Григорий вышел из-за стола, предполагая, что без мордобоя разговор с «посыльными» вряд ли закончится, а ждать, пока тебя грохнут за столом, в стеснённом пространстве, неумно.
— Лучше опоздать домой, чем успеть на свои похороны, — проскрипел «хорёк».
— Лучше, хуже… Не советуй, как мне жить, и я не скажу, куда тебе идти. Для меня твои советы, что руководство «Основы сексуальной жизни девушки» для проститутки на пенсии, — улыбнулся Григорий. Он видел, что мордовороты «хорька» — культуристы с гормонально раздутыми мышцами и, соответственно, замедленной реакцией. Их «бутафаорская мощь» его не пугала, и он в удовольствие издевался над ними словесно.
— Пропишите этому чухану (прим.: тупому) дубинала (прим.: от слова «дубина»), — высокомерно распорядился «хорёк».   
— Выяснение отношений в форме мордобоя меня всегда огорчало, — вздохнул и недовольно качнул головой Григорий.
— Ты почти мёртв, фраерок, — ухмыльнулся один качок. —  Просто об этом ещё не догадываешься.

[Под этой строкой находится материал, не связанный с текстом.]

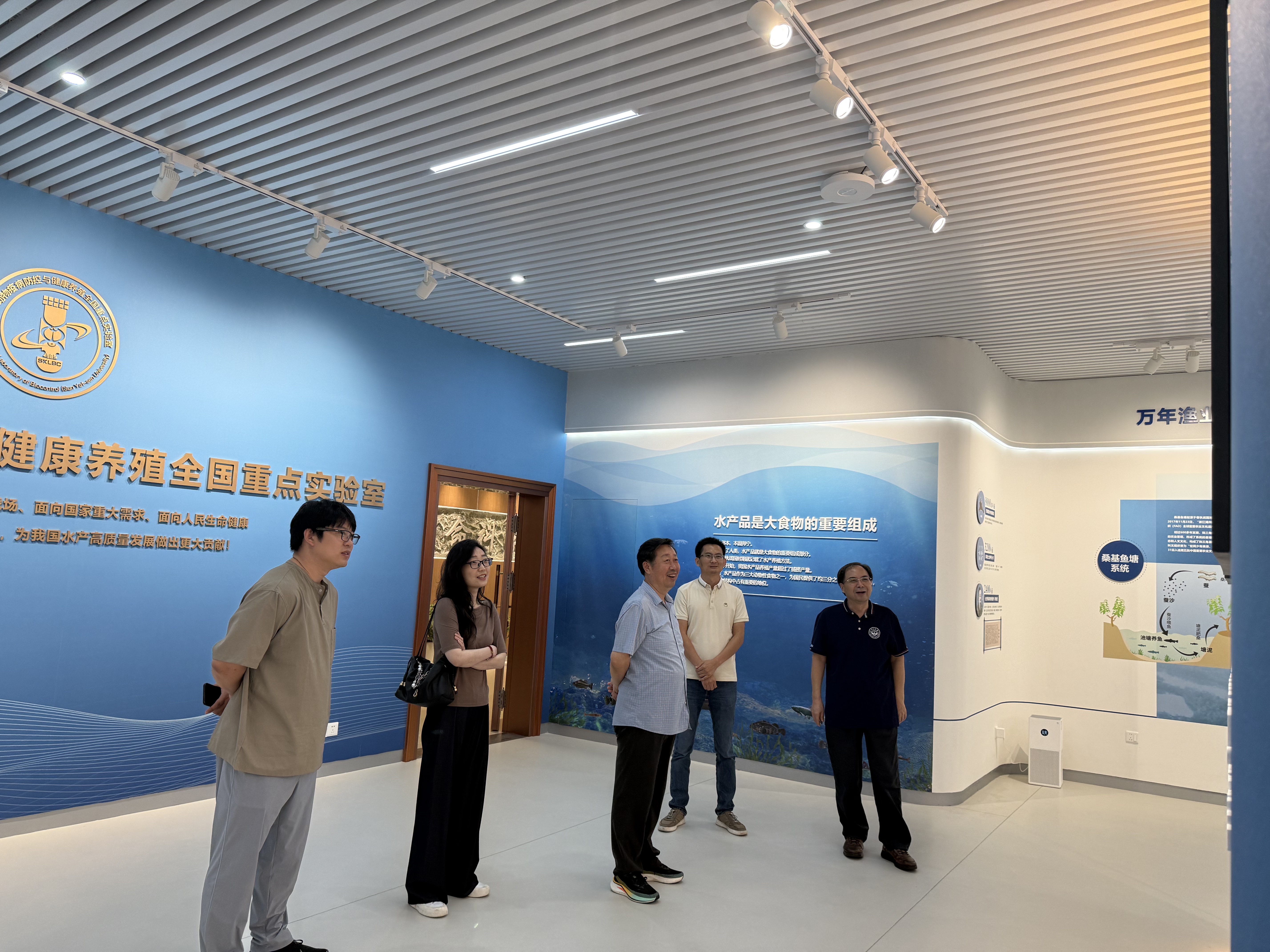 参观南方海洋实验室科普馆 8月19日上午,温海深教授一行前往农发中心进行参观交流,农发中心沈汉国主任、农发中心现代渔业研究所刘文所长、农发中心现代渔业研究所李勇副所长、农发中心现代渔业研究所何瑞鹏博士、农发中心科技管理及成果转化部罗志平副部长全程陪同。首先,李勇副所长和何瑞鹏博士陪同温海深教授一行对病害实验室进行了参观。参观后,双方进行了座谈。座谈会上,沈汉国主任对温海深教授一行表示热烈欢迎,对双方2024年度开展的花鲈本地化实验表示肯定,并指出2025年度将在总结经验教训的基础上继续开展本地化花鲈繁育研究,希望温教授团队继续支持。随后,何瑞鹏博士对农发中心基地保存花鲈亲本数量、基地设施设备、2024年度苗种培育失败原因、2025年度繁育计划进行了分享。农发中心基地保有4龄亲本800尾、3龄亲本200尾,基地建有16口池塘(100亩)、工厂化和循环车车间。最后,温教授表示将继续和农发中心保持紧密合作,需提前做好2025年度花鲈本地化繁育方案,重点关注雄鱼精液活力测定、生物饵料衔接等方面。

— Да, чувачок, тебе уже «намазали лоб зеленкой» (прим.: приговорили к расстрелу), — добавил второй. — А в похоронной конторе сшили деревянный макинтош по твоей мерке и мы по этому поводу сейчас повеселимся. 

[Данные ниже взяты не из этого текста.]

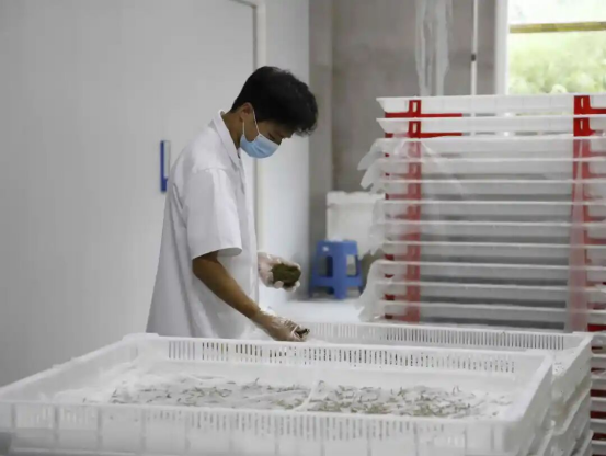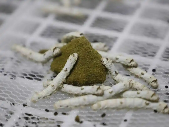 飼料養(yǎng)蠶很大優(yōu)勢在于節(jié)省人力。陳安介紹:“蠶有5個(gè)生長齡期,傳統(tǒng)養(yǎng)殖方式下,每天需要桑葉喂養(yǎng)3次,而飼料養(yǎng)殖每一個(gè)齡期只喂兩次就夠了,喂一次可以吃兩到三天。”

— Пусть простят меня друзья за чужую нескромность, но вы ещё не пили самогон на моей могиле. Немного чертовски обидно за вас, потому что обольщаться — дело дурное, — усмехнулся Григорий. — Вы, похоже, из тех, кого я не хотел бы видеть среди своих друзей. Поэтому, боюсь, развлечение для вас будет таким же приятным, как лекарство от запора из битого стекла на уксусе.
— Юморной клиент вам попался, парни, — усмехнувшись, проскрипел «хорёк».
— Юмор — единственный способ правдиво рассказать печальную историю потомкам Каина, — вздохнул с сожалением и развёл руками Григорий.
У себя в районном посёлке он постоянно занимался в спортивном зале.
— Как гласит мудрость самураев, — назидательно проговорил второй качок, —вопли поверженного врага — лучшая музыка для ушей воина. Друзья называют меня Самураем. Я постараюсь включить музыку погромче.
— В таком случае, пусть твои друзья впредь называют меня просто Японцем. Не по теме басите, фраера (прим.: зря пугаете). Меньше шуму — больше денег. Пока есть время, дам совет: не подтирайтесь крапивой! И давай разберёмся, чья японская песня прозвучит громче. Есть у меня смутное подозрение, что ваш шеф зря тратит деньги на ваш прокорм.
Не зря Григорий последний год раз в неделю ездил в полуподпольную школу на спарринги к мастеру единоборств, который обучал его не только спортивным приёмам. Да и в десантуре его учили не мух отгонять, а «нейтрализовать противника».
Но мебель пришлось покупать новую.
С тех пор его стали звать Японцем.

= 9 =

Военизированная охрана «Система» набрала два десятка борцов, боксеров, каратистов и демобилизованных десантников, злых на «новорусских» дельцов, жаждущих получить долю от их доходов. Физической мощи им было не занимать, а по уровню отмороженности «спортсмены» могли дать фору любому уголовнику.
Охранники поддерживали форму в тренажерных залах и в тирах, в «Системе» были запрещены наркотики и злоупотребление алкоголем.
Для начала «Система» взяли под официальный контроль через договора таксистов, транспортные предприятия и игорные заведения района. Потом прибавилось неофициальное «крышевание» проституток и торговля крадеными автомашинами. Официально охраняли или неофициально крышевали товарищества с ограниченной ответственностью и  кооперативы.
Но Григорий Николаевич понимал, что такой, хоть и крепкой, но достаточно малочисленной группой он лишь защитит своё дело. Чтобы развернуться широко, требовалась кооперация с сильной организацией.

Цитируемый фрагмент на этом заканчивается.